Unraveling Common Mistakes in Finite Element Analysis

Finite Element Analysis (FEA) is one of the most powerful tools for analyzing and simulating simple to complex engineering problems in any industrial field.  But cause of some common mistakes in Finite Element Analysis (FEA) can lead to inaccurate results and misleading interpretations. Some common mistakes that can occur during the FEA process are listed here:

1. Incorrect Modeling: One of the common mistakes is not accurately representing the real-world geometry and boundary conditions in the FEA model. This can include missing or simplified features, incorrect material properties, or incorrect application of loads and constraints. It is crucial to carefully define the geometry, material properties, and boundary conditions to ensure accurate results.

2. Insufficient Mesh Density: Using an insufficient mesh density can lead to inaccurate results, especially in areas of high stress gradients or regions where significant deformation occurs. It is important to ensure that the mesh is refined appropriately to capture the important features and variations in the solution accurately.

3. Material properties: Another common mistake is using incorrect or inaccurate material properties in the FEA model. The material properties of the various types of material should be well-characterized and replication of the real-world behavior. In other words, it is essential to select appropriate material models based on experimental data or established material properties. Using inappropriate or outdated material properties can lead to misleading results.

4. Neglecting boundary conditions: Accurate boundary conditions are crucial for obtaining meaningful results in FEA. Failing to apply the correct constraints or loads can lead to unrealistic or erroneous outcomes. It’s important to carefully define the boundary conditions based on the physical problem being analyzed.

5. Neglecting mesh sensitivity analysis: The choice of mesh size and element type can significantly affect the accuracy of the FEA results. Neglecting to perform a mesh sensitivity analysis to determine the optimal mesh size can lead to either overly coarse or excessively refined meshes, impacting the accuracy and computational efficiency of the analysis.

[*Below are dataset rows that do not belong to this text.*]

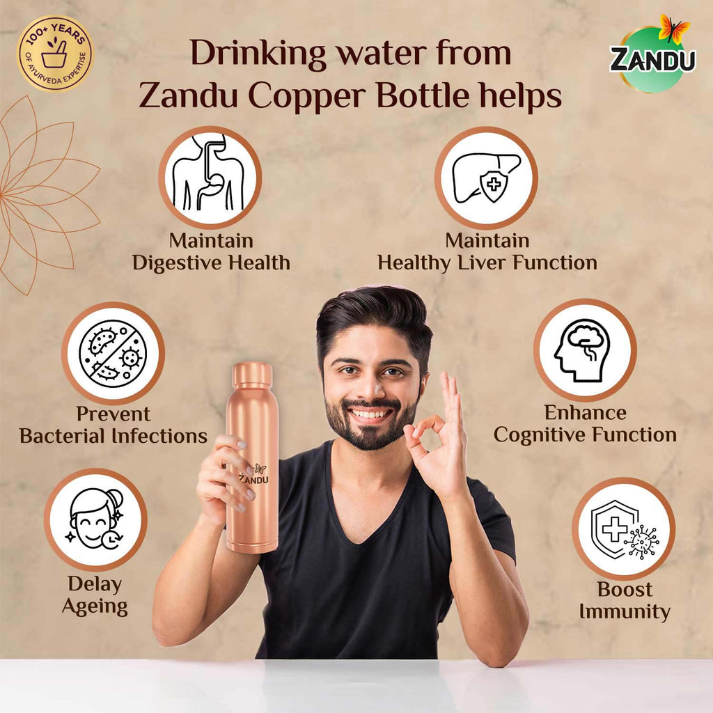 Zandu Copper Bottle has been made to incorporate the consumption of copper into your daily routine. It is one of the most vital minerals for your overall health as it has multiple health benefits. It cannot be consumed directly hence Zandu introduced this bottle in which you can store water and drink it. It is one of the easiest ways of self-care and health enhancement. Copper releases its ions in water when stored for a long. Hence it is recommended to drink water stored in this bottle for 8 hours, first thing in the morning on an empty stomach. It helps to balance the three important doshas of the body – Vata, Pitta and Kapha. It also helps to eliminate toxins from your body generated through food, water or air. Additionally, it helps in improving digestion, metabolism, immunity, cognitive health, slowing down ageing and maintaining liver health.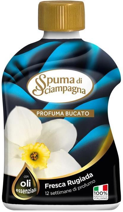 Spuma di Sciampagna perfumy do prania Fresca Rugiada (opakowanie 230ml) Daj się oczarować eleganckiemu i wyrafinowanemu zapachowi skoncentrowanych perfum do prania Soffio d'Oriente. Perfumy zmiękczające do tkanin zawierają technologię zaprojektowaną w celu stopniowego uwalniania zapachu. Musujący i owocowy zapach otuli Twoje ubrania przez cały dzień. Produkt testowany dermatologicznie. Kup teraz i sprawdź nowe perfumy do prania o długotrwałym zapachu.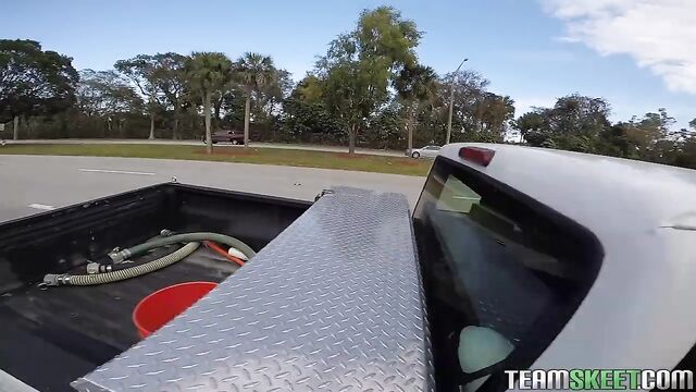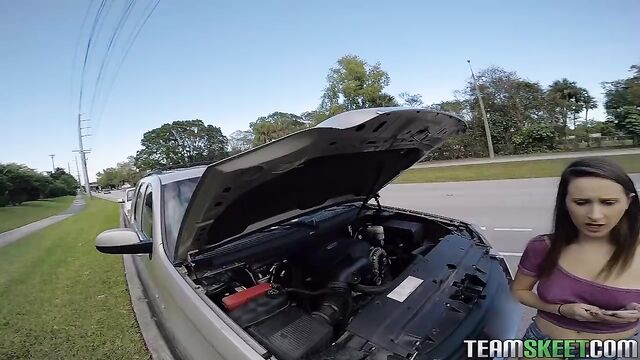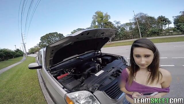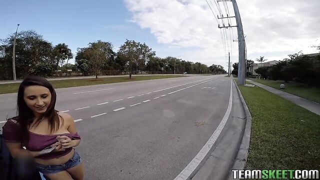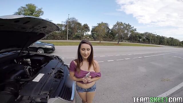 Description:I was driving down the street when I spotted Ashley. I could see her massive tits from like a half a mile away! She explained how she was having money troubles so I offered her a tow and a bit of extra cash if shed flash her tits to me in public! I asked if she was interested in making more money and she said she was so I offered her a few extra bucks to suck my dick in the car and she was more than okay with it! She went all out on my cock and got me nice and hard before I pulled over and fucked her tight teeny twat! Ashley rode my meat while I watched her big 36D titties bounce up and down on my face! Then I laid her down in the back of my car and fucked her missionary before spraying my seed all over her! She licked every last drop clean! She worked hard for her money!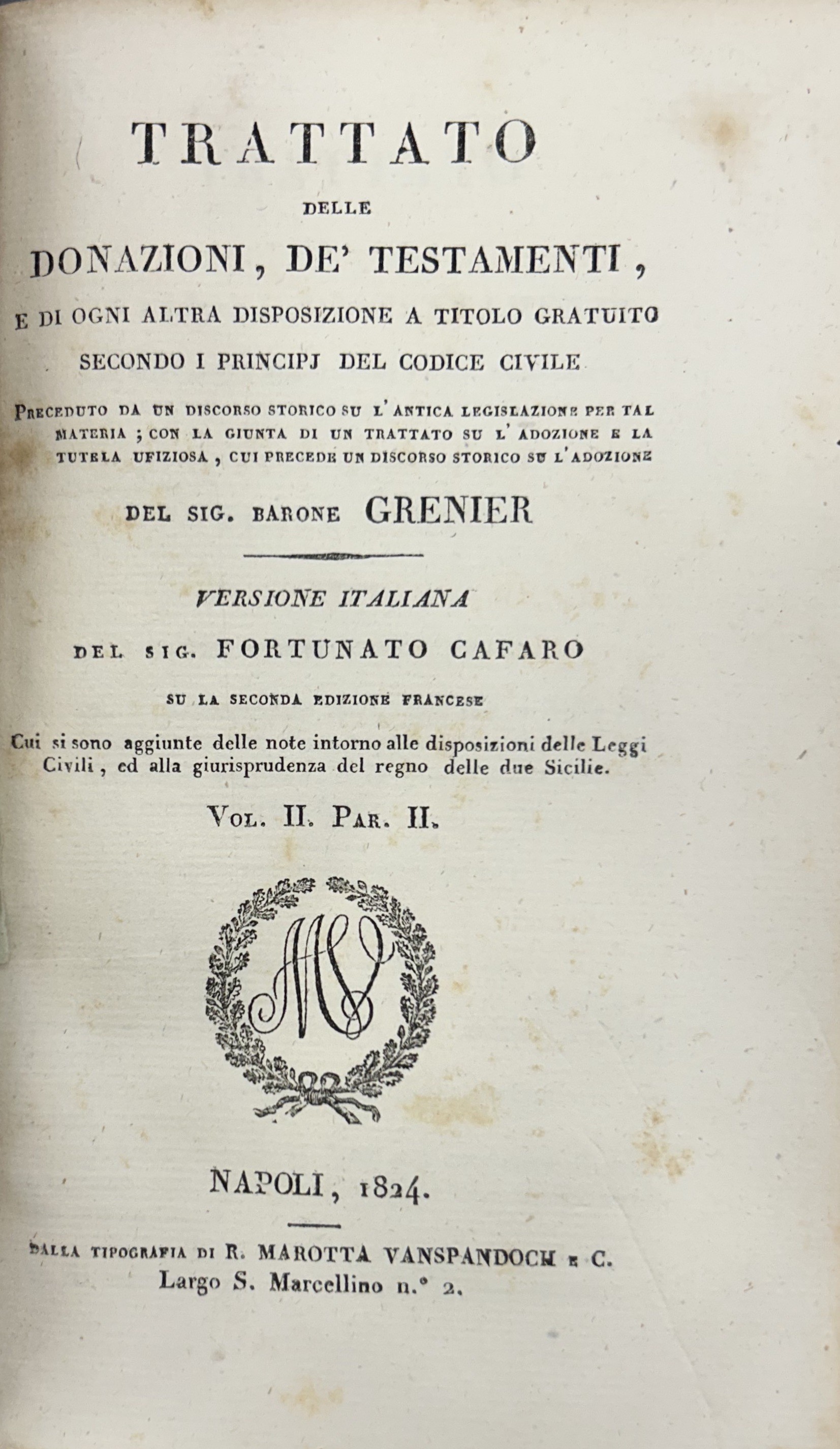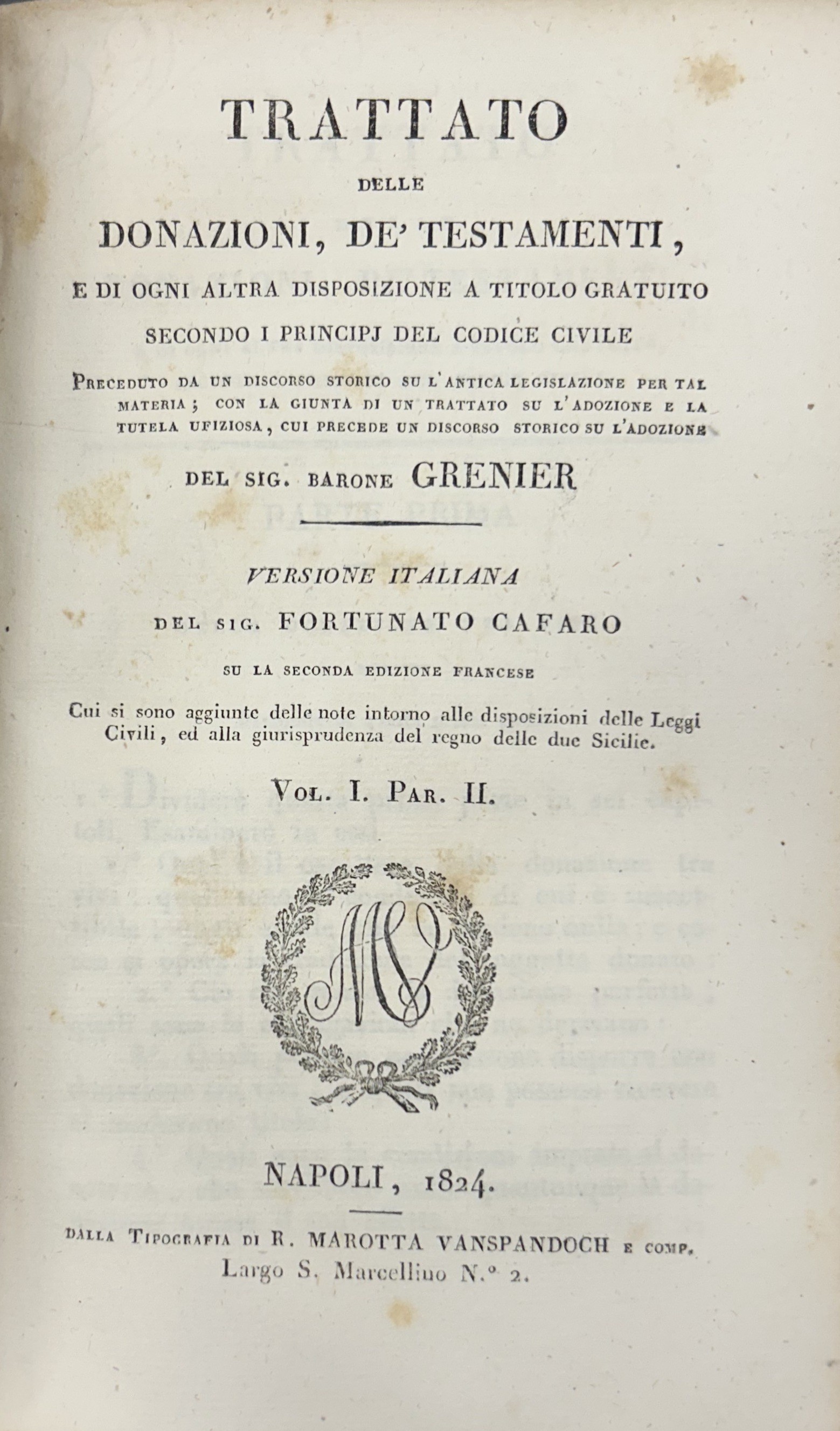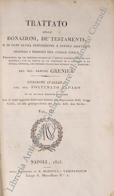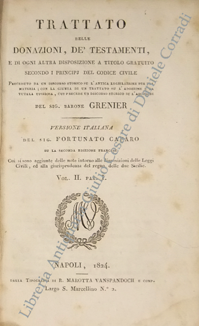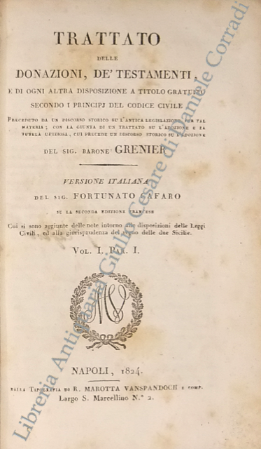 Trattato delle donazioni, de' testamenti, e di ogni altra disposizione a titolo gratuito secondo i principj del codice civile... Versione italiana del Sig. Fortunato Cafaro su la seconda edizione francese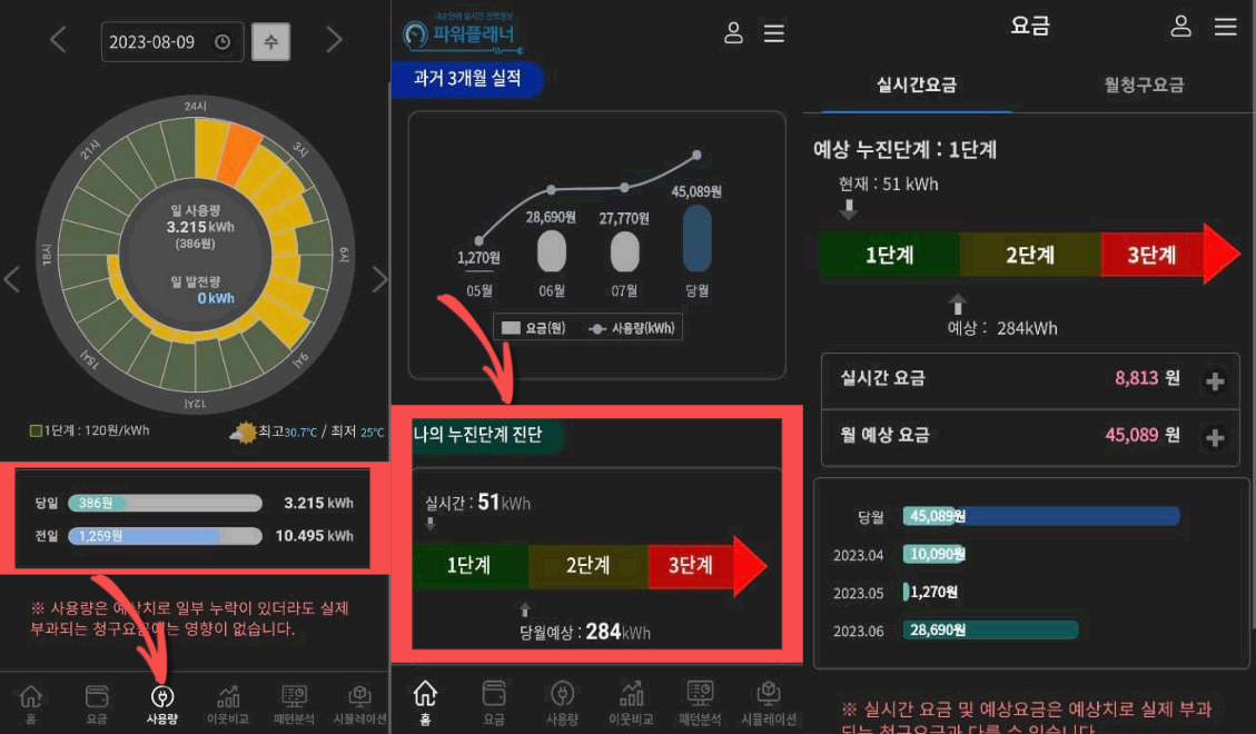 4. 실시간 요금 및 사용량, 3개월 실적, 누진단계 진단, 사용 패턴분석, 이웃간 분석을 알 수 있습니다.

6. Neglecting Contact or Interaction Effects: In cases where contact or interaction between different components or surfaces is present, neglecting or improperly modeling these effects can lead to erroneous results. Properly defining contact conditions, including frictional or nonlinear behavior, is crucial to capture the correct behavior of the system.

7. Convergence issues: FEA analyses often require iterative calculations to converge on a solution. Insufficient convergence criteria or inappropriate solution settings can result in non-converging analyses or inaccurate results. It’s important to carefully set up the solution parameters and monitor convergence to ensure reliable results.

8. Overlooking Element Quality: Element distortion occurs when elements are excessively stretched, compressed, or distorted in some way. Poor element quality, such as highly distorted or poorly shaped elements, can result in inaccurate results. It is important to check for element quality metrics, such as aspect ratio, skewness, or Jacobian, and ensure that they meet acceptable criteria. Checking for element distortion and adjusting the mesh accordingly is crucial to obtaining reliable results.


When working with ANSYS Workbench in India, it is essential to learn about element distortion, which refers to the excessive stretching, compression, or distortion of elements. Artem Academy is an excellent resource for learning ANSYS Workbench in India. It is important to evaluate element quality metrics such as aspect ratio, skewness, or Jacobian to ensure accurate results. By checking for element distortion and making necessary adjustments to the mesh, reliable and precise outcomes can be obtained.

9. Ignoring model validation: It’s important to validate the FEA model against experimental data or known analytical solutions whenever possible. Neglecting model validation can result in a lack of confidence in the simulation results. Comparing the FEA results with experimental or analytical data helps identify and rectify any discrepancies or errors.

10. Improper Interpretation of Results: Incorrect interpretation or overreliance on FEA results without considering limitations or assumptions can lead to incorrect design decisions. It is crucial to critically analyze and interpret the results while considering the underlying assumptions and limitations of the FEA model.

Remember, FEA is a complex and iterative process, and attention to detail is crucial. To mitigate these mistakes, it is important to have a thorough understanding of the underlying theory and assumptions of FEA, pay attention to model setup and boundary conditions, verify results against experimental data or analytical solutions when available, and constantly validate and refine the FEA models based on real-world observations and feedback. Collaboration with experienced FEA analysts and seeking peer review can also help in identifying and rectifying potential mistakes. Also, by being mindful of these common mistakes and following best practices, engineers can improve the accuracy and reliability of their FEA simulations.